=== Section Start ===

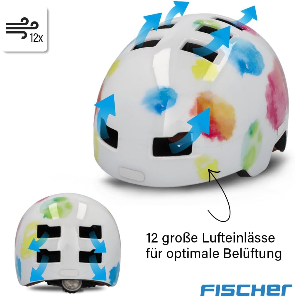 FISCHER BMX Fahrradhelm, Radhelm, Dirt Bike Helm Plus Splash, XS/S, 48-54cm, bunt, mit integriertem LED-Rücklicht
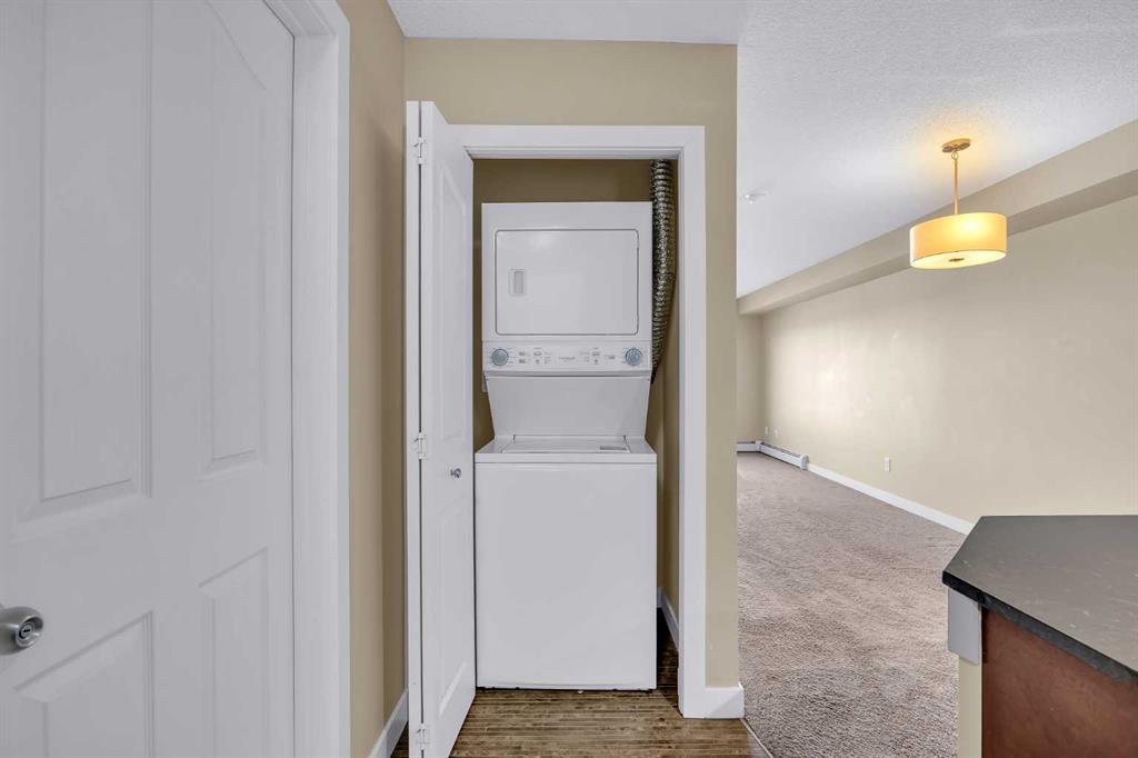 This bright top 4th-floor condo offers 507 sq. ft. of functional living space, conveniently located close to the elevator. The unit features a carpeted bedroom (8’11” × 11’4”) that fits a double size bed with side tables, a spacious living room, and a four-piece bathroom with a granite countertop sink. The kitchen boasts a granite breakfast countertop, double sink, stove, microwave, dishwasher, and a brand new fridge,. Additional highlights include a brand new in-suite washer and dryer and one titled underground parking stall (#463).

=== Section End ===
=== Section Start ===

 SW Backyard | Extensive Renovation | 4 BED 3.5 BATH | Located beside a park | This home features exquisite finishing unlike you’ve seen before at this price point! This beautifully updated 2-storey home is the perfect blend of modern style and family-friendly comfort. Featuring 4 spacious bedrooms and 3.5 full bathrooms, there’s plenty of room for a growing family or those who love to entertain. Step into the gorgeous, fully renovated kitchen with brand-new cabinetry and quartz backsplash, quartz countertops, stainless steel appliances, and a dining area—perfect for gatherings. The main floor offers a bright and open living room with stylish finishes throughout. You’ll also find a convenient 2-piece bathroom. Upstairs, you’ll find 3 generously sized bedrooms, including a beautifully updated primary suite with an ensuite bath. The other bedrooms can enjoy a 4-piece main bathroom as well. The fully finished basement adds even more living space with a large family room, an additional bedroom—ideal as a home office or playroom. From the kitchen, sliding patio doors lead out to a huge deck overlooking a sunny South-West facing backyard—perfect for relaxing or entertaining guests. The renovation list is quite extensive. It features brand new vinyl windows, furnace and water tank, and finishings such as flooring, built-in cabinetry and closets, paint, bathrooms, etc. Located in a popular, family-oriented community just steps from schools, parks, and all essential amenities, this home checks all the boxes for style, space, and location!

=== Section End ===
=== Section Start ===

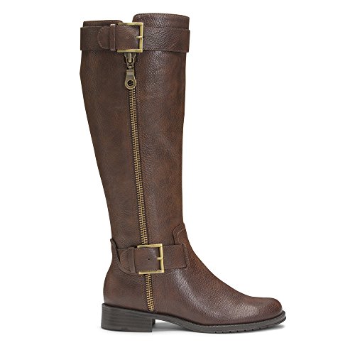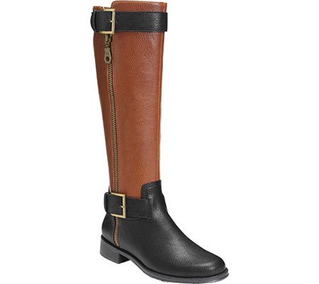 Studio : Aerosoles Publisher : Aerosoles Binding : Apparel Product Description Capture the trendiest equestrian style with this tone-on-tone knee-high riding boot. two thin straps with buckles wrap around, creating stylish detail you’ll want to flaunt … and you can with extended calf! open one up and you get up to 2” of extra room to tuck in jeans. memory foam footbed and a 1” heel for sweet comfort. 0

=== Section End ===

* [Exercise instructions]: The lines to set down run from the line with "FISCHER BMX Fahrradhelm, Radhelm, Dirt" up to and including the line with "This bright top" in the entries above. Reproduce them exactly, with no pictures.

* [Solution to this task]:
 FISCHER BMX Fahrradhelm, Radhelm, Dirt Bike Helm Plus Splash, XS/S, 48-54cm, bunt, mit integriertem LED-Rücklicht
 This bright top 4th-floor condo offers 507 sq. ft. of functional living space, conveniently located close to the elevator. The unit features a carpeted bedroom (8’11” × 11’4”) that fits a double size bed with side tables, a spacious living room, and a four-piece bathroom with a granite countertop sink. The kitchen boasts a granite breakfast countertop, double sink, stove, microwave, dishwasher, and a brand new fridge,. Additional highlights include a brand new in-suite washer and dryer and one titled underground parking stall (#463).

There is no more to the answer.